Scanning 1 million rows of table logfile_scan to get the total of bytes sent
Total bytessent 6054250 in 16.325594425201416 seconds

Save completion times with Sequential Scan. Then we move on to the next step.

Sequential and Parrallel Tables Scans

  1. Practice Parallel Scan
  • To perform a Parallel Scan, each application handler must issue its Scan request with the following parameters:

  • Segment: Each segment is scanned by a specific application handler so each Segment should have a different representation value

  • TotalSegments: the Total number of segments in the parallel scan. This value should be equal to the number of handlers the application will use.

The content of the code that performs parallel scanning is in the file scan_logfile_parallel.py

  fe = "responsecode <> :f"
  eav = {":f": 200}
  response = table.scan(
    FilterExpression=fe,
    ExpressionAttributeValues=eav,
    Limit=pageSize,
    TotalSegments=totalsegments,
    Segment=threadsegment,
    ProjectionExpression='bytessent'
    )

After the first scan, the scan continues until the LastEvaluatedKey parameter value equals null.

  while 'LastEvaluatedKey' in response:
    response = table.scan(
        FilterExpression=fe,
        ExpressionAttributeValues=eav,
        Limit=pageSize,
        TotalSegments=totalsegments,
        Segment=threadsegment,
        ExclusiveStartKey=response['LastEvaluatedKey'],
        ProjectionExpression='bytessent')
    for i in response['Items']:
        totalbytessent += i['bytessent']

Execute the script to start the Parallel Scan execution

python scan_logfile_parallel.py logfile_scan 2

Where the table name is logfile_scan, the number of threads or handlers is 2.

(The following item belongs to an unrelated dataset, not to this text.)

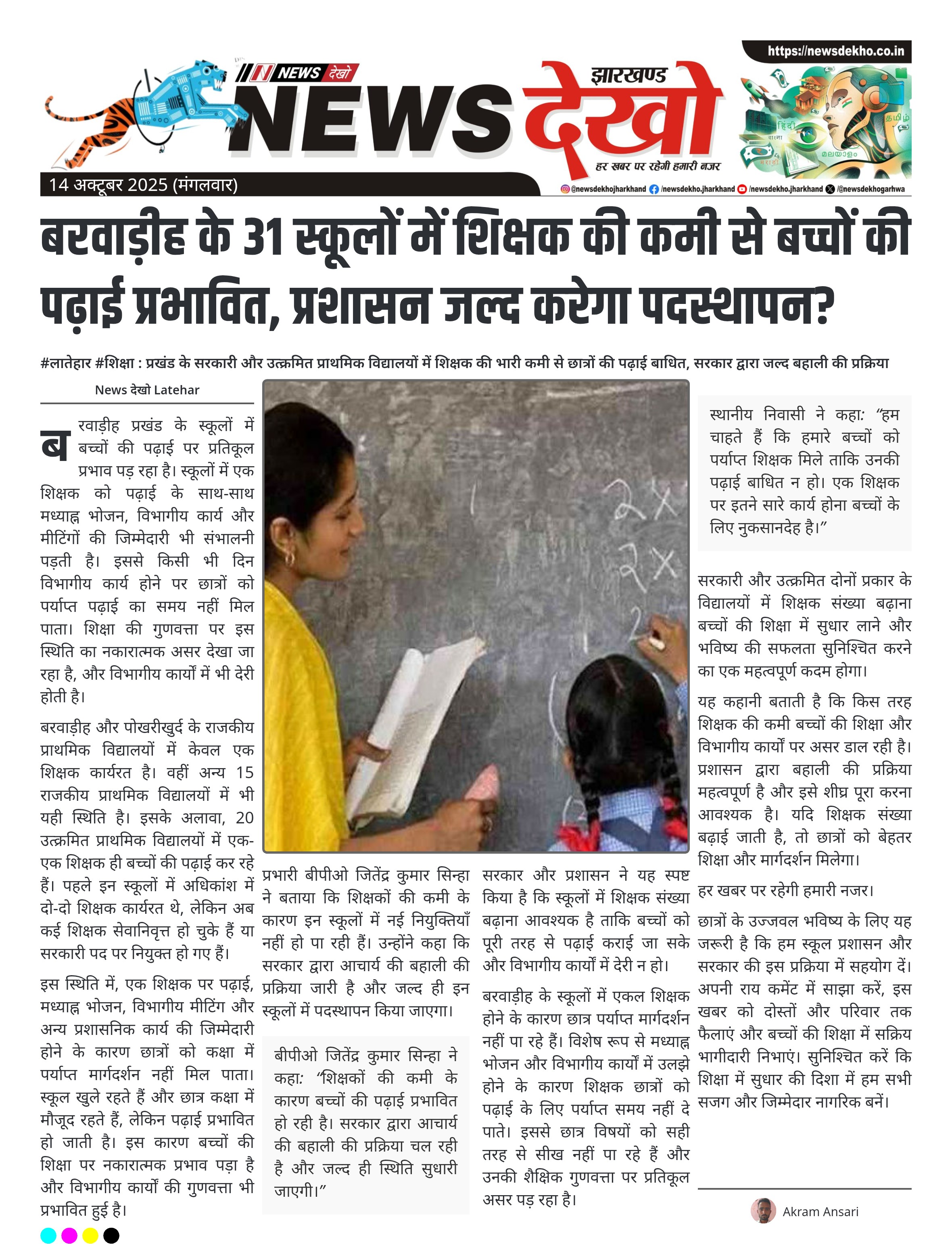- बरवाड़ीह प्रखंड के 31 स्कूलों में केवल एक-एक शिक्षक कार्यरत, पढ़ाई और विभागीय कार्य प्रभावित।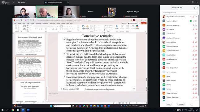 В рамках семинара профессор Инджикян затронул ключевые направления экономического развития, подчеркнув важность адаптации государственных экономических и экспортных стратегий Армении к современным цифровым реалиям.

The result after the scan command is that the parallel scan time is much shorter than the sequential scan. The difference can be even bigger if the data table contains a larger number of items.

Scanning 1 million rows of the `logfile_scan` table to get the total of bytes sent

Total bytessent 6054250 in 8.544446229934692 seconds

Sequential and Parrallel Tables Scans

Conclusion

  • In this exercise, we have learned and used two DynamoDB table scan methods: Sequential and Parallel, to read items from a table or GSI index table.

  • The Scan operation is an operation that consumes a large number of space resources, so it should be avoided.

  • It only makes sense when you perform a scan of a small table or the Scan operation is unavoidable (such as batch extraction of data).

However, as a general rule you should design your applications to avoid doing scans.